Artikel F-2 wordt aangepast, een artikel F-3 wordt toegevoegd, zie bijlage 7 voor deze teksten.
7. Dienstverbanden D-3 en werken na AOW
7.1. Artikel D-3 Arbeidsovereenkomst voor bepaalde tijd met uitzicht op onbepaalde tijd
Artikel D-3 wordt aangepast. Structureel werk (continuïteit in het werkaanbod) wordt in principe uitgevoerd op basis van een arbeidsovereenkomst voor onbepaalde duur, dan wel op basis van een arbeidsovereenkomst voor bepaalde duur met uitzicht op vast; Uitgangspunt bij een contract voor bepaalde tijd met uitzicht op onbepaalde tijd is dat de werknemer na een tijdelijke arbeidsovereenkomst van 1 jaar recht heeft op een vaste arbeidsovereenkomst tenzij er sprake is van onvoldoende functioneren of zwaarwegende bedrijfsmatige belangen, hetzij op hogeschoolniveau dan wel op het niveau van de opleiding, door de werkgever aan te tonen, zich tegen de omzetting verzetten. Als de werknemer niet beoordeeld kan worden door langdurige afwezigheid bijvoorbeeld vanwege ziekte kan de tijdelijke arbeidsovereenkomst met maximaal 1 jaar verlengd worden.
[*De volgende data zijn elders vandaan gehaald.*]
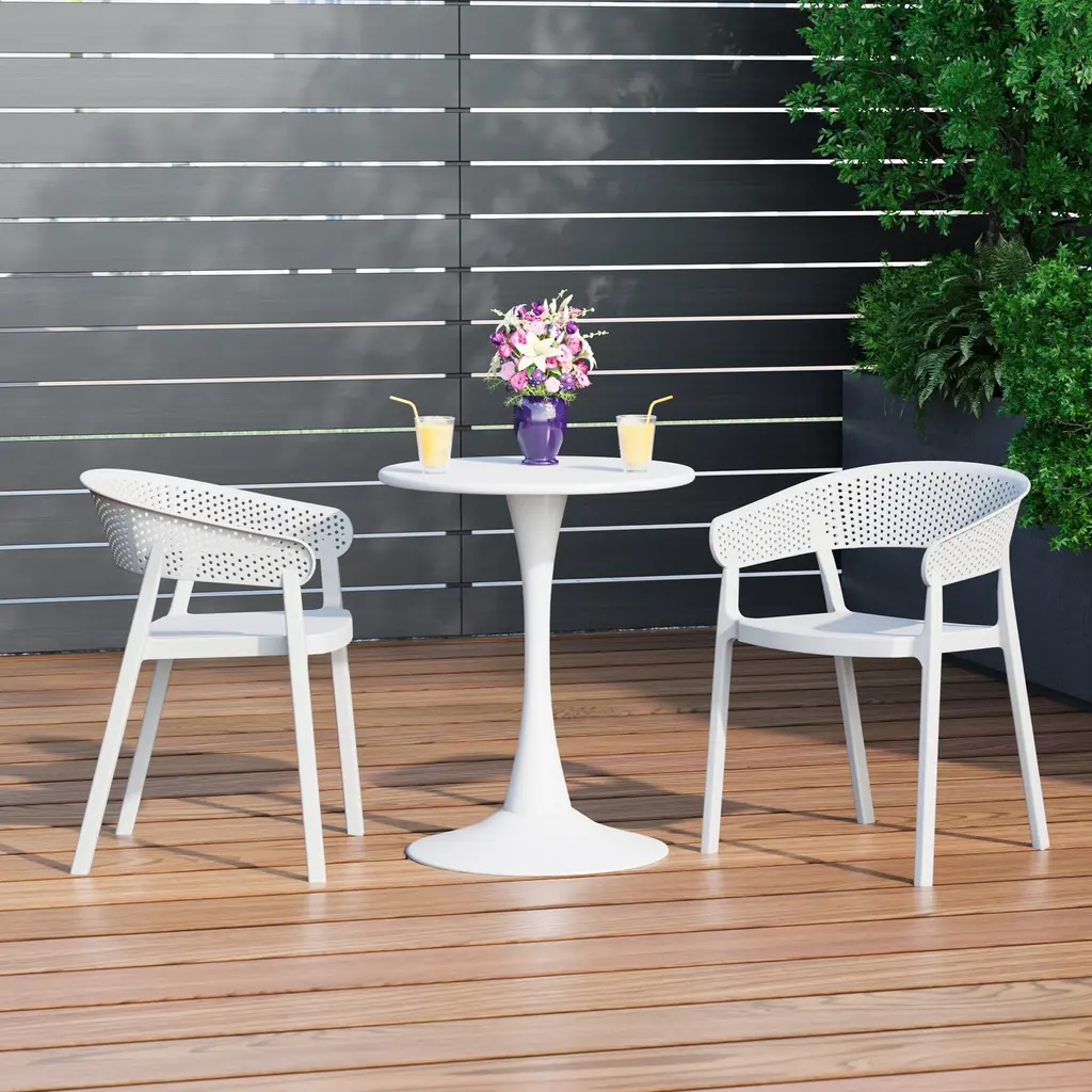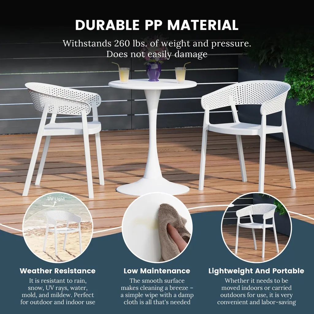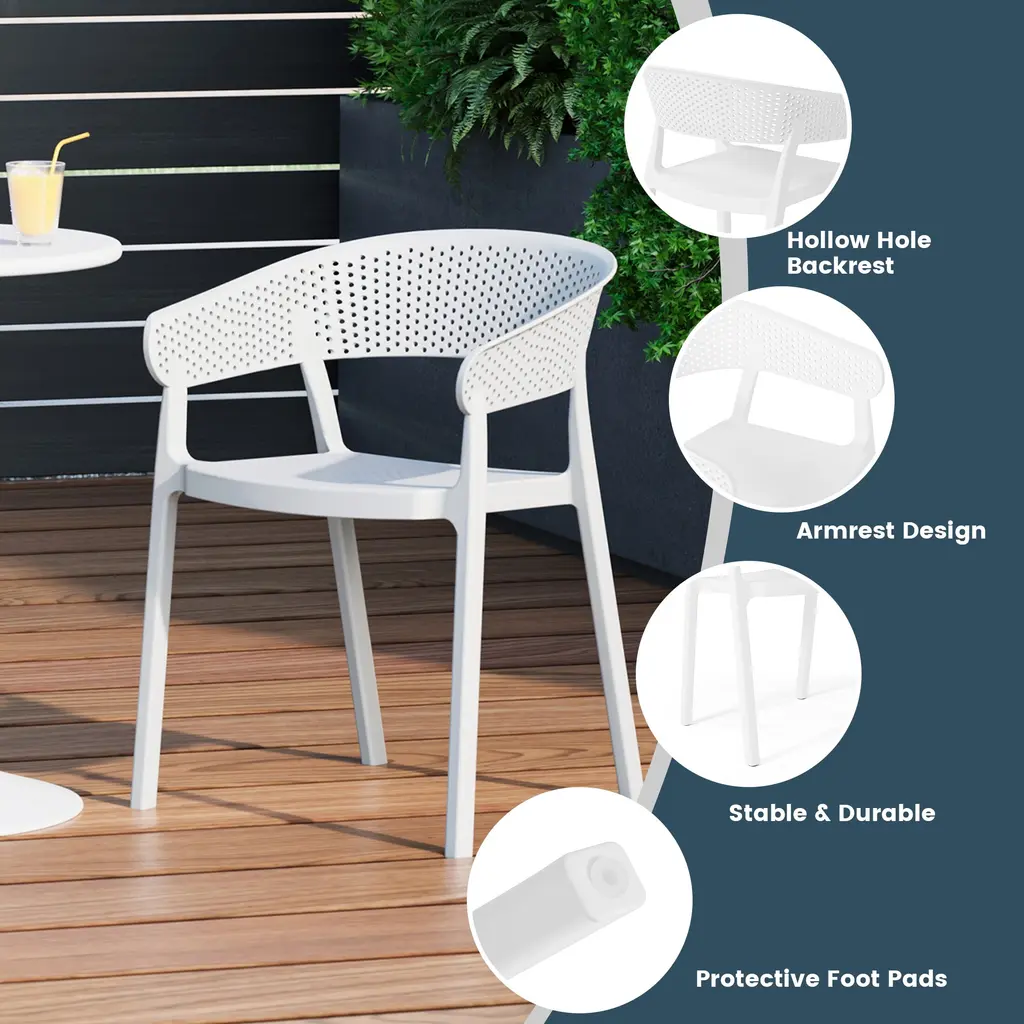 Elevate your space with the perfect balance of form and function. This set of two outdoor round arm chairs are perfect for soaking up the sun. With sturdy legs and barrel chair backrest design, the chair set is stackable and easy to take. Ideal for laid-back gatherings, this chair set definitely transforms any backyard space into a gorgeous masterpiece. Crafted from UV-resistant polypropylene resin, low maintenance needed and no assembly needed.While we strive to accurately represent product colors, please be aware that actual colors may vary slightly due to individual screen settings and lighting conditions. FeaturesDetails:Dining Chair

7.2. Werken na AOW-leeftijd
Een jaar voor het bereiken van de AOW-gerechtigde leeftijd treden werkgever en werknemer in overleg over de pensioendatum. Daarbij heeft de medewerker het recht om:
a. Het schooljaar af te maken, wanneer het bereiken van de AOW-gerechtigde leeftijd ligt tussen 1 januari en 1 juli;
b. Het kalenderjaar af te maken, wanneer het bereiken van de AOW-gerechtigde leeftijd valt tussen 1 september en 31 december.
Voor werknemers die de AOW-gerechtigde leeftijd hebben bereikt, zijn de bepalingen uit de Wet Doorwerken na AOW-gerechtigde leeftijd met betrekking tot ziekte, loondoorbetaling bij ziekte, transitievergoeding, aanpassing arbeidsduur en tijdelijke arbeidsovereenkomsten van toepassing.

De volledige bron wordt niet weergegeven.